Diff-TTS: A Denoising Diffusion Model for Text-to-Speech
This work addresses the need for more natural and efficient TTS systems, which is incremental as it applies diffusion models to a known domain.
The authors tackled the problem of improving naturalness and efficiency in neural text-to-speech (TTS) by proposing Diff-TTS, a non-autoregressive model using a denoising diffusion framework, which achieved highly natural speech synthesis and generated 28 times faster than real-time on a single GPU.

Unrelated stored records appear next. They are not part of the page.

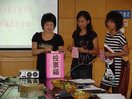 经过公正透明的选举程序,当场选举,公开唱票,推选出陆虹伊、杨茵雯和顾雄三位老师为新一届团委委员。会后,团支委们又进行了分工:陆虹伊为新一届团支部书记,顾雄任组织宣传委员,杨茵雯任文体委员。
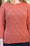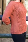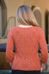 This beautiful pullover is a very satisfying knit. It's worked from the top down, in the round, so there's no seaming. The front and back are the same, with waist and hip shaping for a better fit. The sleeves are picked up and worked down from the armhole to a 3/4 length; if you'd like a longer sleeve, just work an even number of additional decrease rounds and change to ribbing when the sleeve is about an inch from your desired length. The cable and lace pattern is interesting and engaging, and is presented in both written and charted versions.
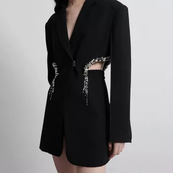 Elegant Hollow Out Crystal-Embellished Women’s Blazer
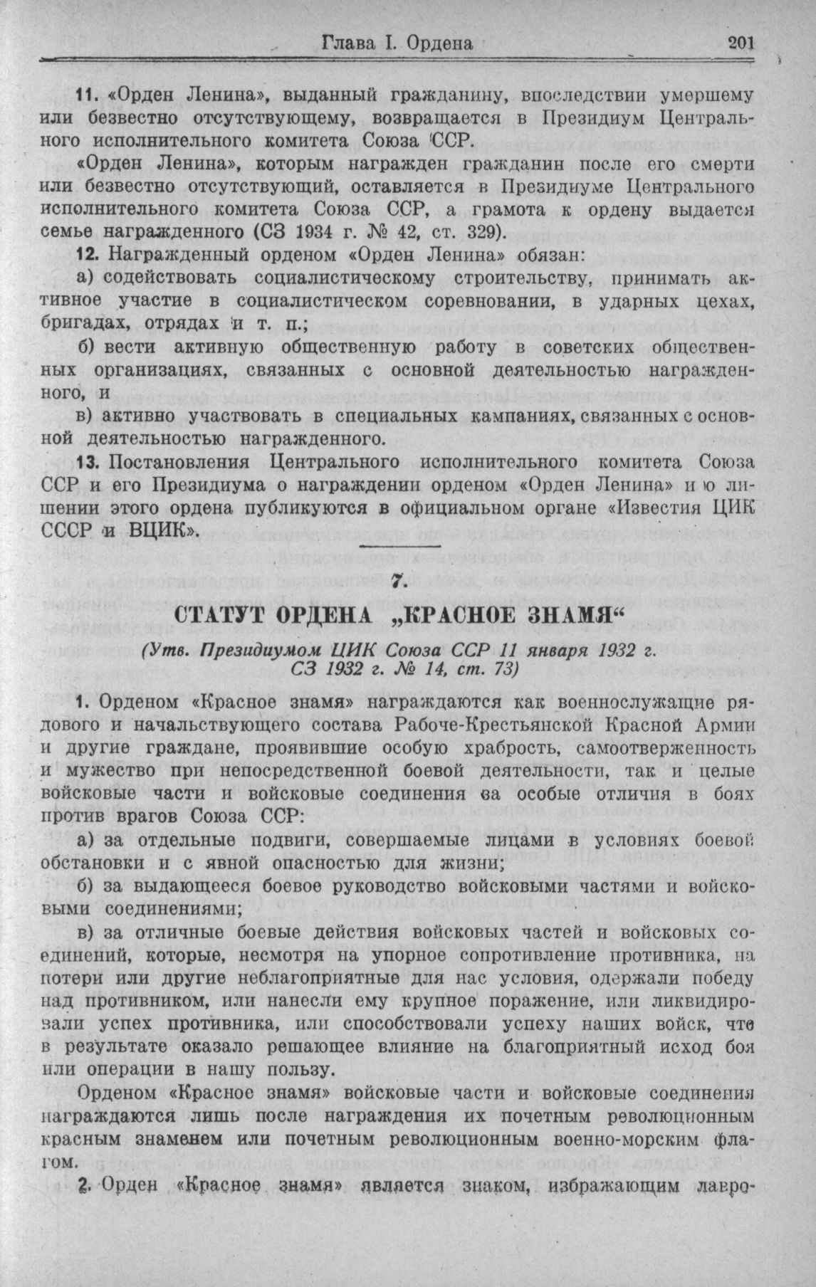 Статут ордена «Красное Знамя» (Утв. Президиумом ЦИК Союза ССР 11 января 1932 г.) // СЗ 1932 г. № 14. ст. 73.

Although neural text-to-speech (TTS) models have attracted a lot of attention and succeeded in generating human-like speech, there is still room for improvements to its naturalness and architectural efficiency. In this work, we propose a novel non-autoregressive TTS model, namely Diff-TTS, which achieves highly natural and efficient speech synthesis. Given the text, Diff-TTS exploits a denoising diffusion framework to transform the noise signal into a mel-spectrogram via diffusion time steps. In order to learn the mel-spectrogram distribution conditioned on the text, we present a likelihood-based optimization method for TTS. Furthermore, to boost up the inference speed, we leverage the accelerated sampling method that allows Diff-TTS to generate raw waveforms much faster without significantly degrading perceptual quality. Through experiments, we verified that Diff-TTS generates 28 times faster than the real-time with a single NVIDIA 2080Ti GPU.